Biol Chem. 1999 Feb;380(2):151-8. doi: 10.1515/BC.1999.023.
Plectin is a cytoskeletal protein of >500 kDa that forms dumbbell-shaped homodimers comprising a central parallel alpha-helical coiled coil rod domain flanked by globular domains, thus providing a molecular backbone ideally suited to mediate the protein's interactions with an array of other cytoskeletal elements. Plectin self-associates and interacts with actin and intermediate filament cytoskeleton networks at opposite ends, and it binds at both ends to the hemidesmosomal transmembrane protein integrin beta-4, and likely to other junctional proteins. The central coiled coil rod domain can form bridges over long stretches and serves as a flexible linker between the structurally diverse N-terminal domain and the highly conserved C-terminal domain. Plectin is also a target of p34cdc2 kinase that regulates its dissociation from intermediate filaments during mitosis.

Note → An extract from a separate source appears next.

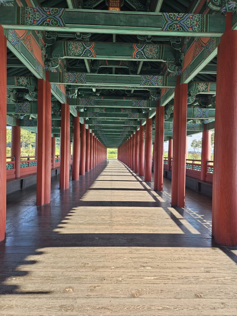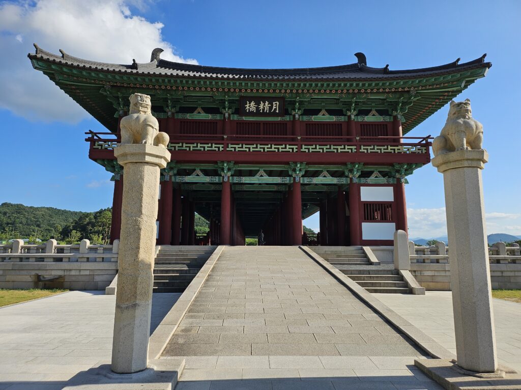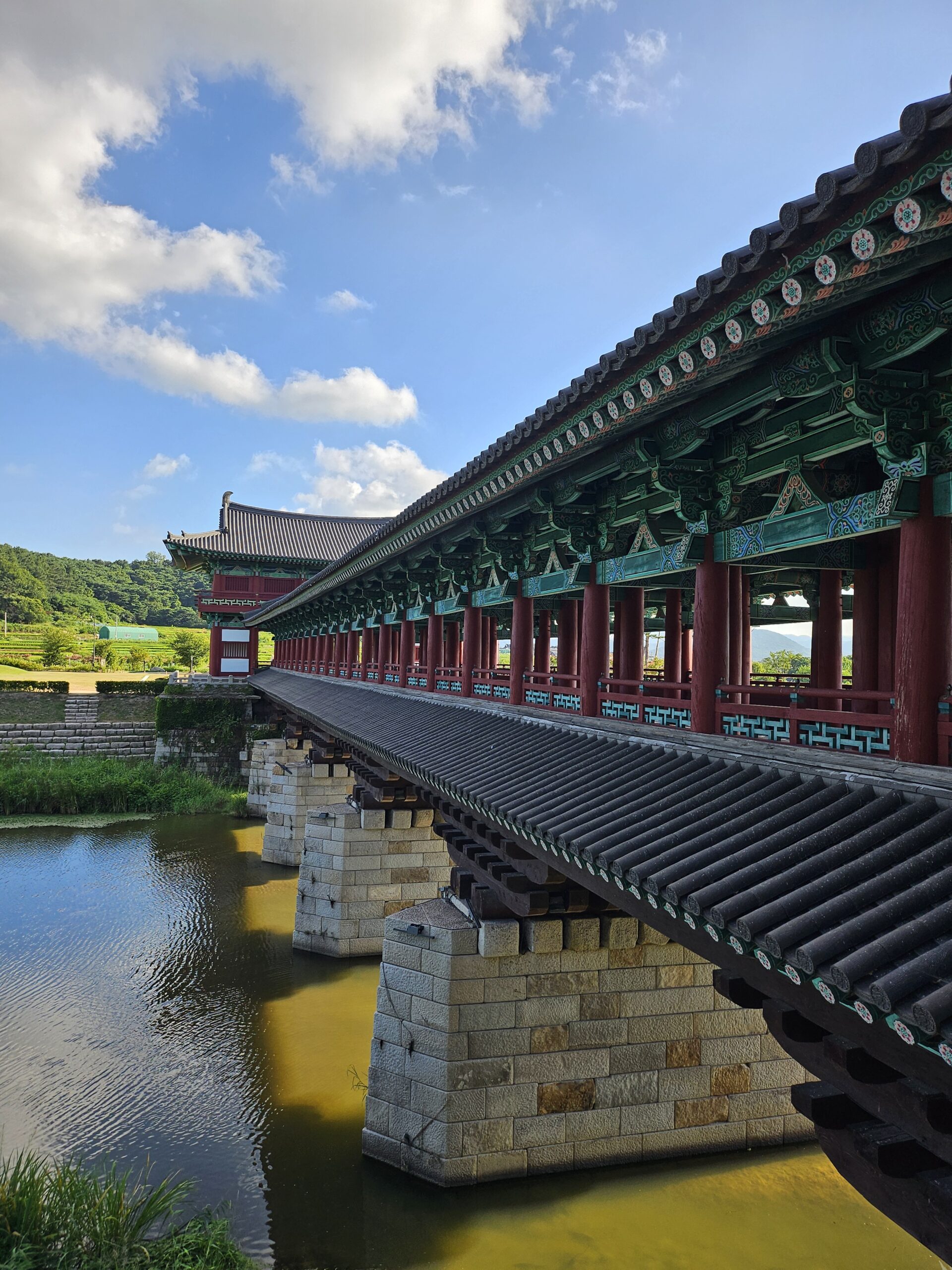 Woljeonggyo est un pont en bois construit pendant la période du Silla unifié, qui a été perdu pendant la période Joseon et restauré en avril 2018 comme le plus grand pont en bois de Corée. D’une longueur de 60m environ, Il permet de traverser la rivière Hyeonsang.

网蛋白是一种分子量超过500 kDa的细胞骨架蛋白,它形成哑铃状同源二聚体,由一个中央平行α-螺旋卷曲螺旋杆状结构域和两侧的球状结构域组成,从而提供了一个理想的分子骨架,适合介导该蛋白与一系列其他细胞骨架成分的相互作用。网蛋白在两端与肌动蛋白和中间丝细胞骨架网络发生自缔合和相互作用,并且它在两端与半桥粒跨膜蛋白整合素β-4结合,也可能与其他连接蛋白结合。中央卷曲螺旋杆状结构域可以在很长的距离上形成桥梁,并作为结构多样的N端结构域和高度保守的C端结构域之间的柔性连接体。网蛋白也是p34cdc2激酶的作用靶点,该激酶在有丝分裂期间调节其与中间丝的解离。